佐々木(鏡石)喜善・述/柳田國男・(編)著「遠野物語」(初版・正字正仮名版)始動 序・目次・一~八 遠野地誌・異形の山人・サムトの婆
[やぶちゃん注:本書は明治四三(一九一〇)年六月十四日、『著者兼發行者』を『柳田國男』として東京の聚精堂より刊行された。
底本は国立国会図書館デジタルコレクションのこちらの画像を視認し、不審箇所は「ちくま文庫」版全集第四巻(一九八九年刊)の「遠野物語」で校合した。
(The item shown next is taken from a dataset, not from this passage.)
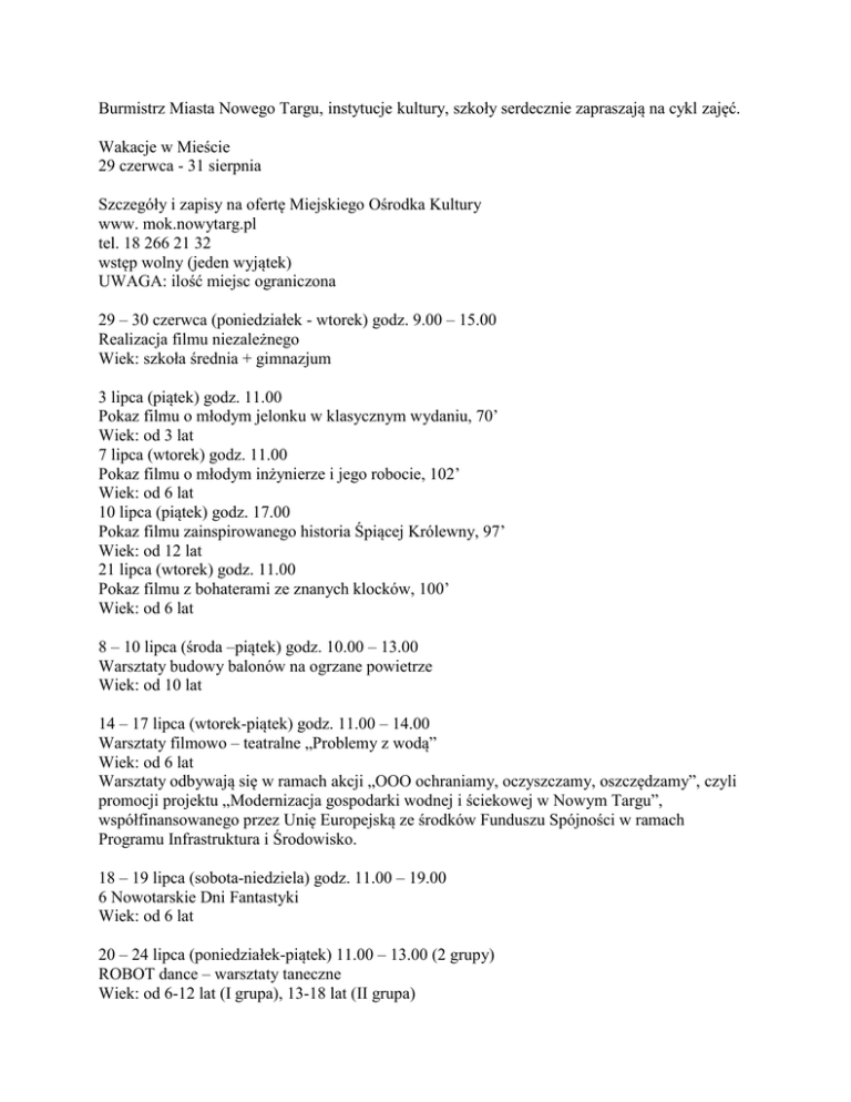Burmistrz Miasta Nowego Targu, instytucje kultury, szkoły serdecznie zapraszają na cykl zajęć. Wakacje w Mieście 29 czerwca - 31 sierpnia Szczegóły i zapisy na ofertę Miejskiego Ośrodka Kultury www. mok.nowytarg.pl tel. 18 266 21 32 wstęp wolny (jeden wyjątek) UWAGA: ilość miejsc ograniczona 29 – 30 czerwca (poniedziałek - wtorek) godz. 9.00 – 15.00 Realizacja filmu niezależnego Wiek: szkoła średnia + gimnazjum 3 lipca (piątek) godz. 11.00 Pokaz filmu o młodym jelonku w klasycznym wydaniu, 70’ Wiek: od 3 lat 7 lipca (wtorek) godz. 11.00 Pokaz filmu o młodym inżynierze i jego robocie, 102’ Wiek: od 6 lat 10 lipca (piątek) godz. 17.00 Pokaz filmu zainspirowanego historia Śpiącej Królewny, 97’ Wiek: od 12 lat 21 lipca (wtorek) godz. 11.00 Pokaz filmu z bohaterami ze znanych klocków, 100’ Wiek: od 6 lat 8 – 10 lipca (środa –piątek) godz. 10.00 – 13.00 Warsztaty budowy balonów na ogrzane powietrze Wiek: od 10 lat 14 – 17 lipca (wtorek-piątek) godz. 11.00 – 14.00 Warsztaty filmowo – teatralne „Problemy z wodą” Wiek: od 6 lat Warsztaty odbywają się w ramach akcji „OOO ochraniamy, oczyszczamy, oszczędzamy”, czyli promocji projektu „Modernizacja gospodarki wodnej i ściekowej w Nowym Targu”, współfinansowanego przez Unię Europejską ze środków Funduszu Spójności w ramach Programu Infrastruktura i Środowisko. 18 – 19 lipca (sobota-niedziela) godz. 11.00 – 19.00 6 Nowotarskie Dni Fantastyki Wiek: od 6 lat 20 – 24 lipca (poniedziałek-piątek) 11.00 – 13.00 (2 grupy) ROBOT dance – warsztaty taneczne Wiek: od 6-12 lat (I grupa), 13-18 lat (II grupa) 20 – 23 lipca (poniedziałek – czwartek) 9.30 – 11.30 (2 grupy) Warsztaty plastyczne EKO LATO Wiek: od 2-5 lat z Rodzicem (I grupa), od 6-12 lat (II grupa) 4, 11, 18, 25 sierpnia (środy) godz. 17.00 – 19.00 (2 grupy) 8, 29 sierpnia (soboty) godz. 15.00 – 17.00 (2 grupy) Jiu-jitsu dla każdego Wiek: od 5-12 lat (I grupa), od 13-18 lat (II grupa) 11 – 13 sierpnia (wtorek – czwartek) godz. 9.00 – 14.00 Wakacje z kreatywną technologią (robotyka dla dzieci i młodzieży) Wiek: od 6 lat UWAGA: odpłatność 30zł za cykl 21 – 23 sierpnia (piątek – niedziela) godz. 12.00 – 19.00 Program rodzinny na XV Jarmarku Podhalańskim 26 – 27 sierpnia (środa – czwartek) godz. 9.00 – 10.00 Mini Akademia – przyjdź i sprawdź (zajęcia pokazowe) Wiek: Od 1,5 roku do 5 lat oraz Rodzic Muzeum Podhalańskim im. Czesława Pajerskiego, Rynek 1, szczegóły: www.muzeum.nowytarg.pl, tel. 18 266 77 76 Wystawy stałe: „Nowy Targ na przełomie XIX i XX wieku, miasto którego, już nie ma” „Jan Paweł II - Miasto Nowy Targ, przeszłość i obecność” Wystawa czasowa: „Mieszkańcy kamieniczek nowotarskiego rynku na przełomie XIX i XX wieku” Wystawy czynne: poniedziałki 10.00 – 18.00, wtorki - piątki 8.00 – 16.00 Bilety: ulgowy: 2,50 zł, normalny: 4,00 zł 11 sierpnia (wtorek) godz. 17.00 Wykład mgr Małgorzaty Międzybrodzkiej, kierownika Działu Historycznego Muzeum Żup Krakowskich w Wieliczce pt. „Handel solą w dawnej Polsce. Nowy Targ - miasto na solnym szlaku”, Wstęp wolny 21 – 23 sierpnia (piątek – niedziela) Wystawa plenerowa „Jarmark w Nowym Targu” oraz Skansen – ekspozycja muzealna sprzętów gospodarczych ze zbiorów Muzeum Podhalańskiego. Urząd Miasta poleca: Turniej Streetballa, Trenerzy osiedlowi, Wakacje w siodle szczegóły: www.nowytarg.pl, tel. 18 261 12 35 29 czerwca (poniedziałek) – 10 lipca (piątek) godz. 9.00 – 14.00 Półkolonie profilaktyczne w szkołach podstawowych Szkoła Podstawowa nr 2 im. Mikołaja Kopernika szczegóły: www.sp2.nowytarg.pl, tel. 18 266 27 96 Szkoła Podstawowa nr 5 im. Konfederacji Tatrzańskiej szczegóły: www.sp5.nowytarg.pl, tel. 18 266 25 74 Szkoła Podstawowa nr 11 im. Żołnierzy Armii Krajowej szczegóły: www.sp11.nowytarg.pl, tel. 18 26 649 31 Spółdzielczy Dom Kultury zaprasza ul. Kopernika 12, szczegóły: www.sdk.nsmnt.pl, tel. 18 266 51 33 wstęp wolny 6, 13, 20, 27 lipca (poniedziałki) godz. 15.00 – 16.00 Dni otwarte z Zumbą 1, 8, 15 lipca (środy) godz. 18.15 – 19.15 Pokaz jogi, oraz darmowe zajęcia jogi łagodnej dla kręgosłupa 1, 8, 15, 22, 29 (środy) godz. 17.00 – 18.00 Karate dla dzieci 3, 10, 17, 24, 31 lipca oraz 7, 14, 21, 28 sierpnia (piątki) godz. 15.00 – 17.00 Dancehall - zajęcia otwarte 22, 29 lipca oraz 5, 12, 19, 26 sierpnia (środy) godz. 12.00 – 14.00 Klub karaoke 7, 14, 21, 28 lipca oraz 4, 11, 18, 25 sierpnia (wtorki) godz. 12.00 – 14.00 Gry planszowe, rzutki 6, 13, 20, 27 lipca oraz 3, 10, 17, 24, 31 sierpnia (poniedziałki) godz. 12.00 – 14.00 Klub gier i zabaw 23, 24, 30, 31 lipca oraz 6, 7, 13, 14, 20, 21, 27, 28 sierpnia (czwartki i piątki) godz. 12.00 – 14.00 Zajęcia plastyczne"Malowane lato" od 23 lipca czwartki, piątki godz. 12 -14 25 sierpnia ( wtorek ) godz. 10.00 Zawody sportowe dla dzieci ( strzał na bramkę, rzut do kosza, hula - hop ) GALERIA SZTUKI BWA JATKI w Nowym Targu Oddział Małopolskiego Centrum Kultury SOKÓŁ w Nowym Sączu zaprasza ul. Kościuszki 4, szczegóły: tel. 18 266 94 82 27 czerwca – 1 sierpnia Wystawa „ADAM BRZOZA – fotografia krajobraz górski” Zdjęcia laureata Międzynarodowe Konkursu Fotograficznego im. Jana Sunderlanda "Krajobraz Górski 2014" Wernisaż 27 czerwca (sobota) godz. 18.00 wernisaż wstęp wolny, w trakcie trwania wystawy: bilet ulgowy – 1 zł, bilet normalny – 2 zł Sierpień 2015 Wystawa „RÓŻANIEC – Jacek Hajnos” (grafika) „cykl portretów osób bezdomnych pt. RÓŻANIEC jest próbą uzewnętrznienia środowiska i relacji z tymi osobami” wernisaż wstęp wolny, w trakcie trwania wystawy: bilet ulgowy – 1 zł, bilet normalny – 2 zł Letnie zajęcia dla dzieci na pływalni miejskiej Terminy turnusów: 6-17 lipca, 20-31 lipca, 3-14 sierpnia, 17-28 sierpnia Turnus obejmuje 3 zajęcia tygodniowo, tj. poniedziałek, środa, piątek w go

「遠野物語」は『柳田民俗学の出発を告げる記念碑的作品』(「ちくま文庫」第四巻帯コピー)等と謳われ、現行の「遠野物語」は、皆、柳田國(国)男著となっている。しかし、私は「遠野物語」は佐々木喜善(「鏡石」はペン・ネーム。一九九四年筑摩書房刊内藤正敏「遠野物語の原風景」によれば、敬愛していた泉鏡花に由来するとある)の存在なくして存在も成立しなかったし、その民俗学へ与えた多大な功績の核心部分は佐々木喜善の採話収集と語りにこそあると考える人間であり、柳田國男の著作として、佐々木喜善の名が退いていることを最初に本書を読んだ中学時代から強く不満に思い続けてきた。ここにその最も最初のものを、初出で示すのは、本書に於ける佐々木喜善の復権を求める意味が第一にある。その点で、この国立国会図書館デジタルコレクションの書誌情報に、ただ序の柳田の『この話はすべて遠野の人佐々木鏡石君より聞きたり』とあるだけにも拘わらず、『佐々木(鏡石)喜善 述』『柳田國男 著』とされた国立国会図書館の図書館司書の方に私は快哉を叫んだ。私は本書を手にして以来ずっと――「遠野物語」の書誌は佐々木喜善・述/柳田國男編とすべきものである――と思い続けてきた。それを実に凡そ四十八年後に実行に移すことが出来ることをすこぶる嬉しく思うのである。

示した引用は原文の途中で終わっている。